Purism, following its strict philosophy, uses and installs completely Free software, meaning there is no mystery software running anywhere within the kernel, the operating system, nor any software applications. To elaborate on what the means, and why the “Librem” the first laptop line shipping with completely Free software, let’s deconstruct a computer into its main parts where software is required.
Purism’s software stack: Software Freedom Visualized
How do these collections of software interact with each other?
Here’s what happens, in sequence, when you switch on your computer:
- All hardware components spin up, and load the firmware they have burned onto them, such as the hard drive or solid state drive.
- The BIOS then loads firmware for additional components, be that the memory controller, system management controller, embedded controller, USB, and/or GPU.
- At this point, the BIOS hands off to a boot loader. Purism uses GRUB, which is a completely Free boot loader. A boot loader is the first software program that runs when a computer starts. It is responsible for loading and transferring control to the operating system kernel software.

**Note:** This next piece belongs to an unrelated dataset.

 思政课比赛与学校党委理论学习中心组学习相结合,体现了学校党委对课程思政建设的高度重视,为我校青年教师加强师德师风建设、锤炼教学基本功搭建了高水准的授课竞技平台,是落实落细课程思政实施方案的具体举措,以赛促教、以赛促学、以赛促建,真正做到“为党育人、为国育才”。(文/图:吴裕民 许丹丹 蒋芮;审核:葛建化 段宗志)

Purism uses a completely Free version of Linux as its kernel.
- The Linux kernel, in turn, initializes the rest of the operating system and manages most of the interaction between software and hardware while the operating system/platform (GNU) is running.
Purism uses a completely Free version of GNU. GNU allows for thousands of free software applications to run on top of it, and the “distribution” that Purism provides with its computers to bundle purely Free Software applications is PureOS. Hence, PureOS is a “GNU/Linux” (or “GNU+Linux”) software distribution (or operating system, depending on your perspective).

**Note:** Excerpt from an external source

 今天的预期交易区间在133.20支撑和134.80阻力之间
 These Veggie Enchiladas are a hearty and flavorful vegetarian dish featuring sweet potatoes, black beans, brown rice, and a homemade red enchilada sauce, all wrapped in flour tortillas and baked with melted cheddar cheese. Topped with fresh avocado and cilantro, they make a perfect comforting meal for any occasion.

Aiming for the Final Frontier
As you can see with the diagram above, computers made by Purism have 99.9% of their hardware+software stack freed. We, of course, want to reach 100.0%, and the remaining parts (the BIOS and components’ embedded firmware) are the final frontier, the “peak of the Everest”, the most difficult obstacle to overcome. You can read more about that effort in the advanced topics of the “Why Purism?” section or help us out now.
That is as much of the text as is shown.